The results could help inform patient diet and infection control in hospitals.

C. difficile bacteria can infect the gut and are the leading cause of antibiotic-associated diarrhea worldwide.

While someone is healthy and not taking antibiotics, millions of 'good' bacteria in the gut keep the C. difficile under control.

However, antibiotics wipe out the normal gut bacteria, leaving the patient vulnerable to C. difficile infection in the gut.

This is then difficult to treat and can cause bowel inflammation and severe diarrhea.

Often found in hospital environments, C. difficile forms resistant spores that allow it to remain on surfaces and spread easily between people, making it a significant burden on the healthcare system.

To understand how this bacterium is evolving, researchers collected and cultured 906 strains of C. difficile isolated from humans, animals, such as dogs, pigs and horses, and the environment.

By sequencing the DNA of each strain, and comparing and analysing all the genomes, the researchers discovered that C. difficile is currently evolving into two separate species.

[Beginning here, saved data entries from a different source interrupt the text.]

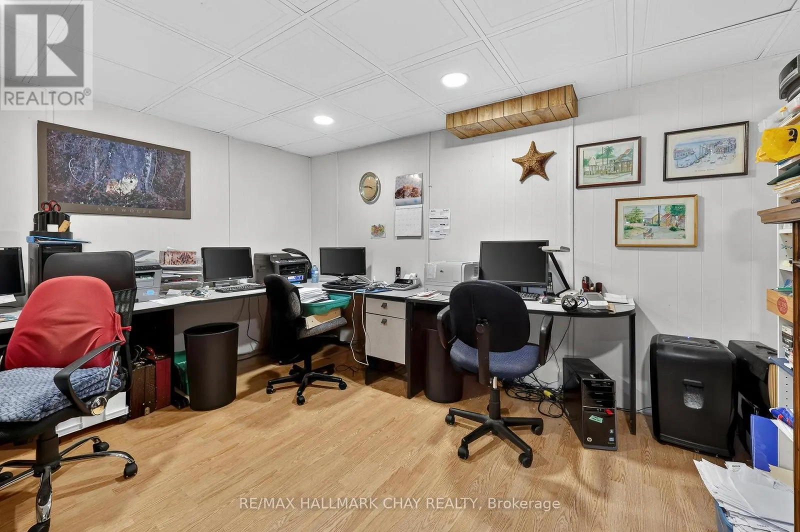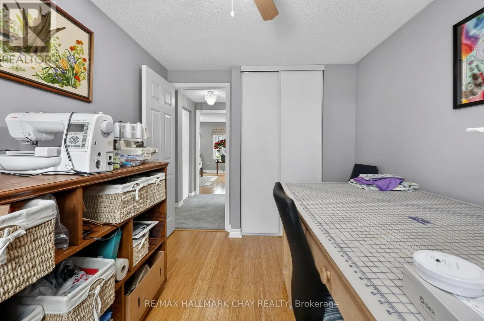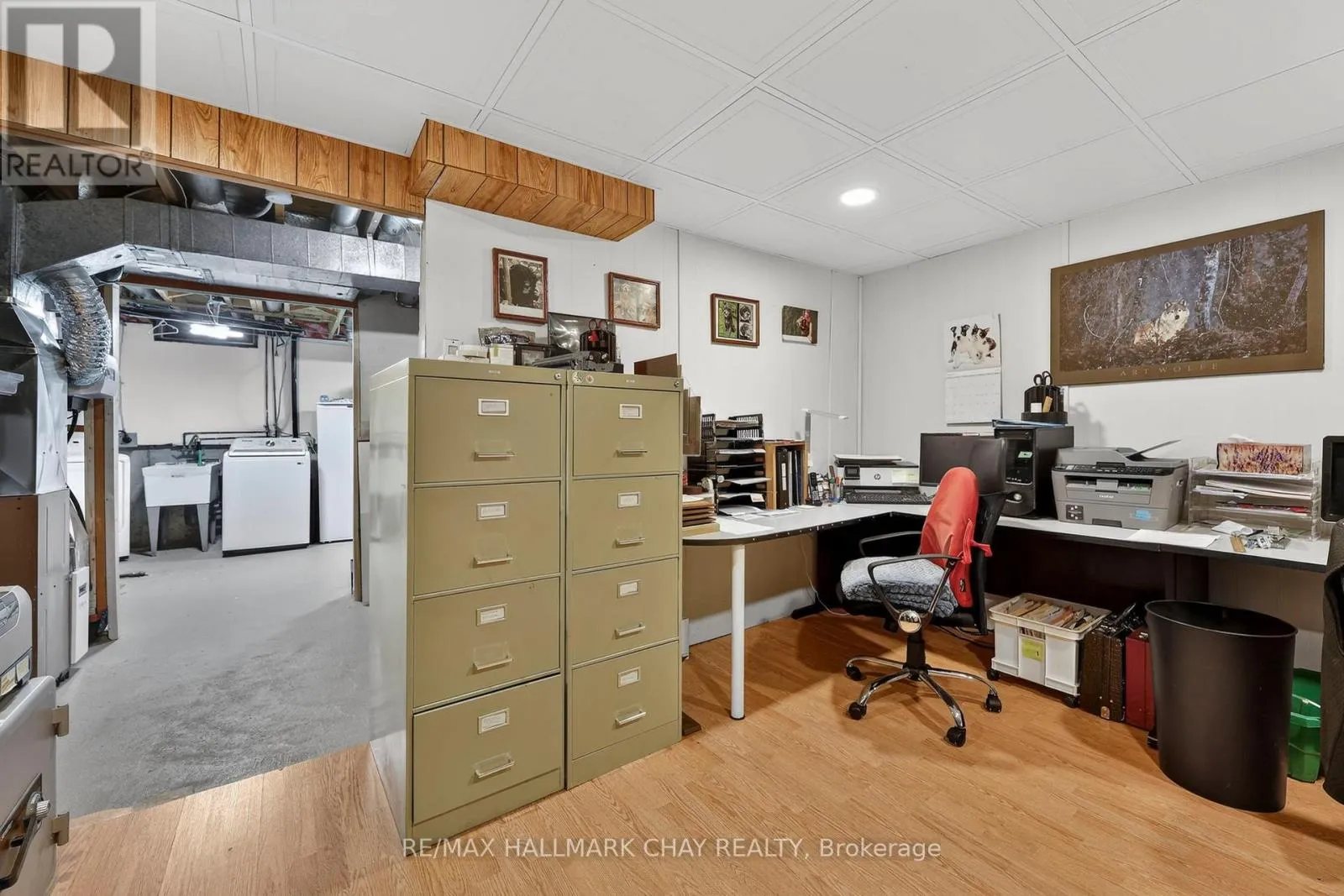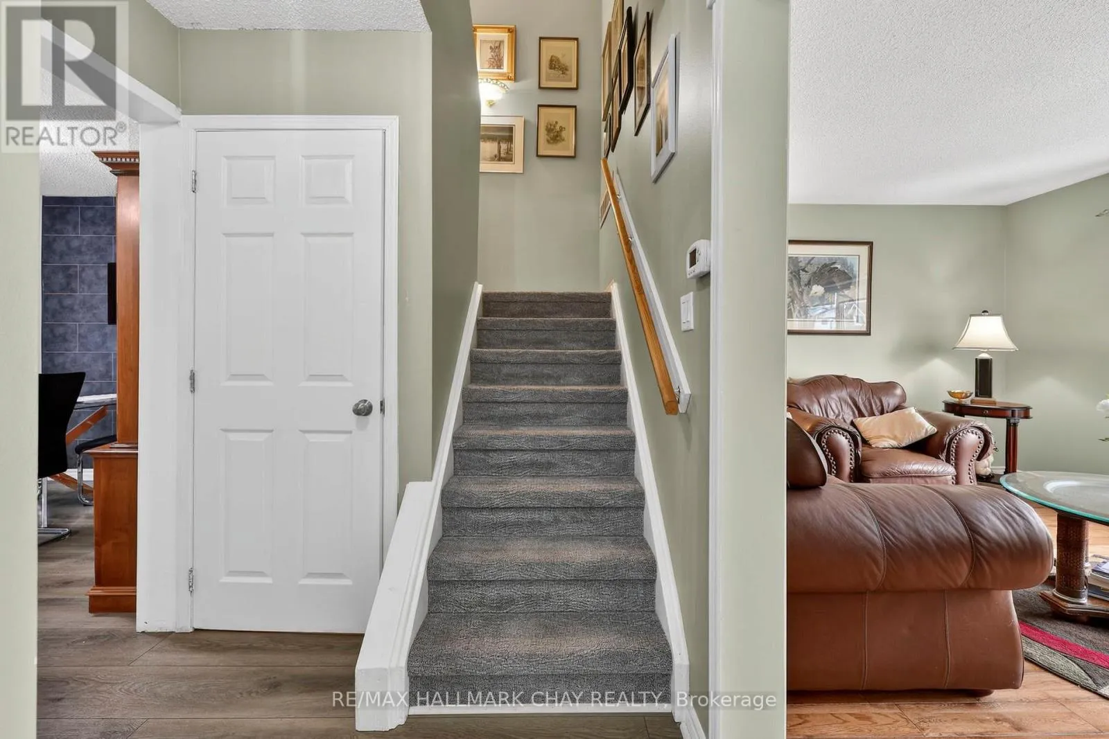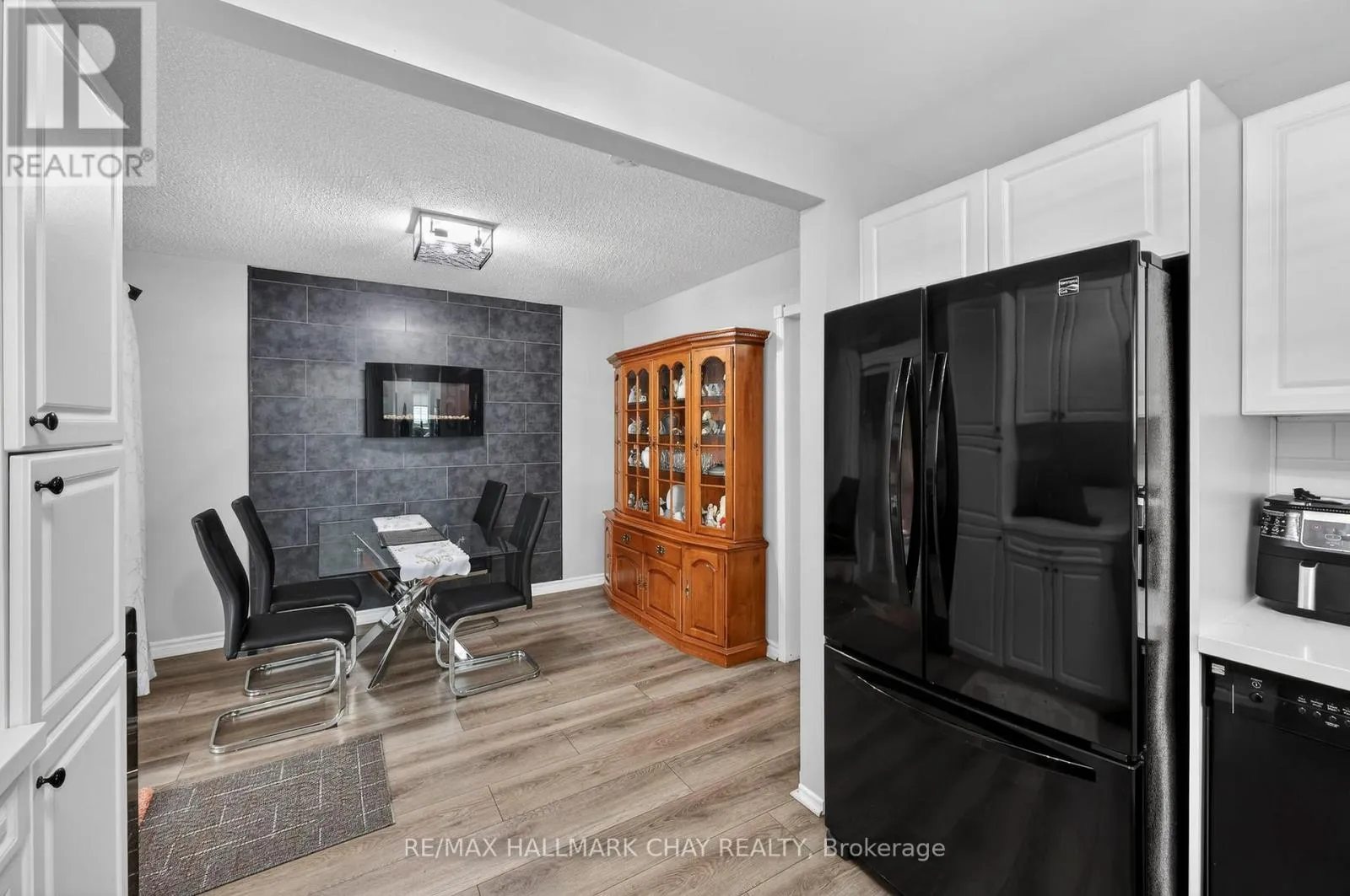 Cross Streets: Anne/Shelley. ** Directions: Anne/Shelley/Frost/Kippling/Wilde. The bright and inviting main floor of this semi-detached home is filled with natural light, creating a warm and welcoming atmosphere throughout. Enjoy peaceful moments in the covered screened porch-an ideal space to unwind, watch the birds, or gather with family for card and board games.The eat-in kitchen is both stylish and functional, featuring a quartz countertop and updated flooring. Upstairs, all bedrooms offer laminate hardwood flooring, providing a clean, carpet-free living environment.The basement adds versatility with ample storage space and a private office, which can easily be converted into a recreation or exercise room to suit your needs.Notable updates include air conditioning (2024), refrigerator (2022), and washer and dryer (2025), offering added comfort and peace of mind. (id:27476)
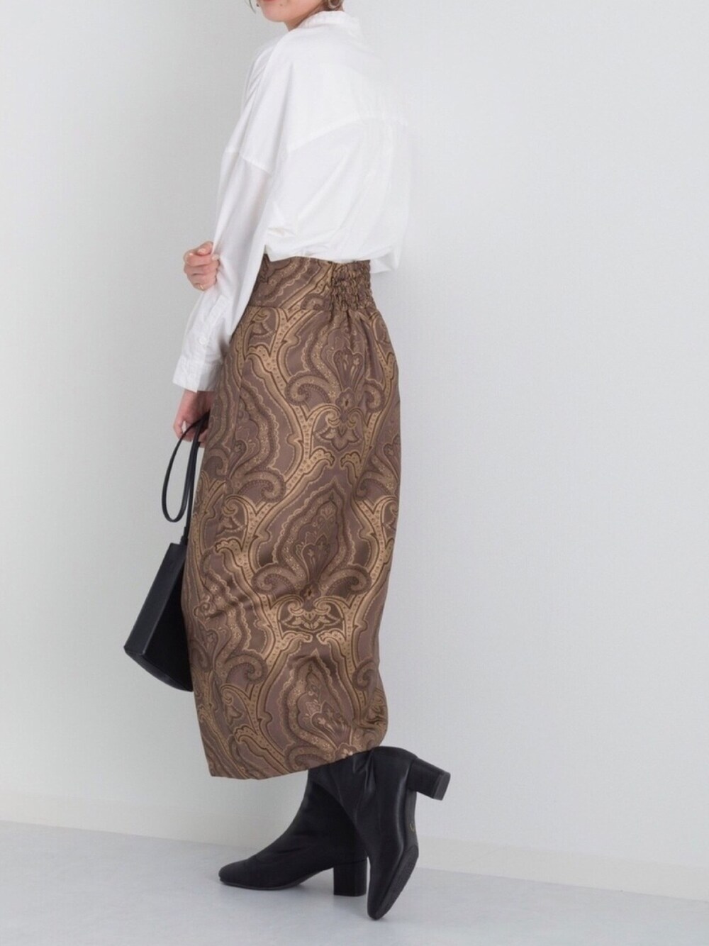 織り目が美しいジャガードスカート ブラウンをベースにゴールドが入った高級感あふれる仕上がりに。 トップスを明るめにホワイトを選んで、全体のバランスをとりました。
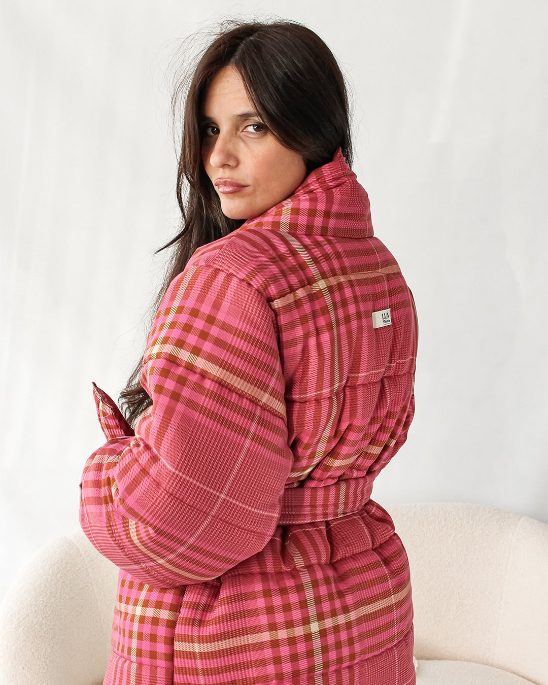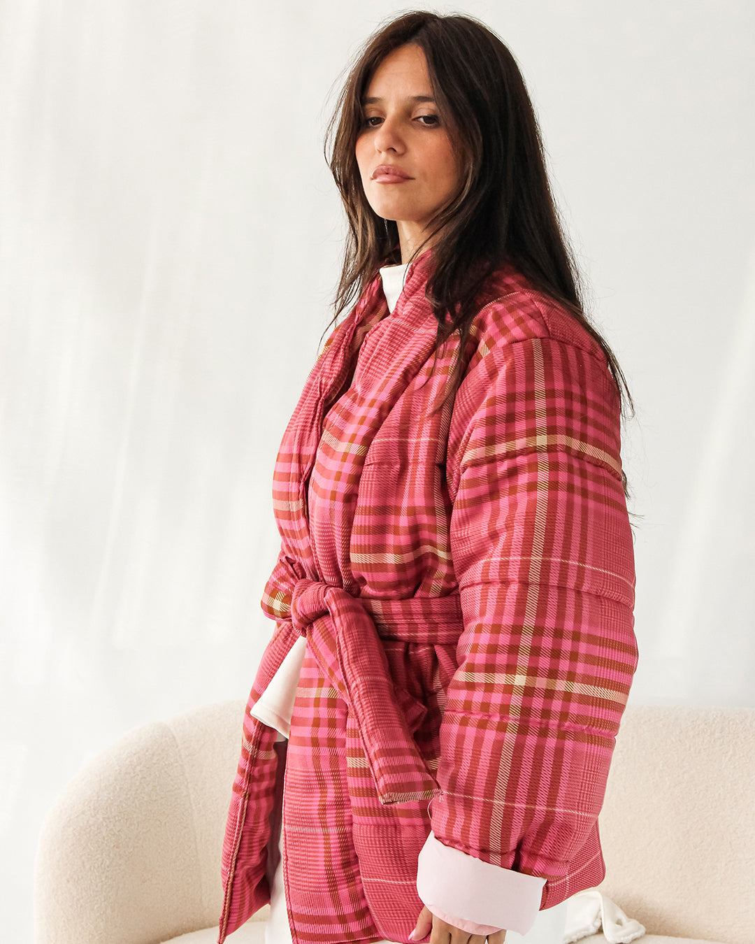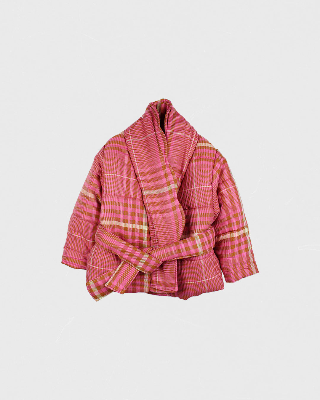 Blusão tipo quimono acolchoado, decote em V com inspiração retro. Manga comprida larga. Fecho com cinto.
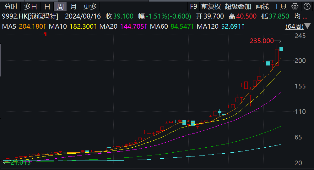 市場層面,今年以來港股“翻倍股”中,新消費主題佔據重要席位,蜜雪冰城、泡泡瑪特、老鋪黃金組成“港股三姐妹”,其中泡泡瑪特總市值一度突破3000億港元,股價從2024年初低點16港元飆升至2025年5月的200港元以上,漲幅超過10倍。

The researchers found that this emerging species, named C. difficile clade A, made up approximately 70 per cent of the samples from hospital patients.

It had changes in genes that metabolise simple sugars, so the researchers then studied C. difficile in mice, and found that the newly emerging strains colonised mice better when their diet was enriched with sugar.

It had also evolved differences in the genes involved in forming spores, giving much greater resistance to common hospital disinfectants.

These changes allow it to spread more easily in healthcare environments.

Dating analysis revealed that while C. difficile Clade A first appeared about 76,000 years ago, the number of different strains of this started to increase at the end of the 16th Century, before the founding of modern hospitals.

This group has since thrived in hospital settings with many strains that keep adapting and evolving.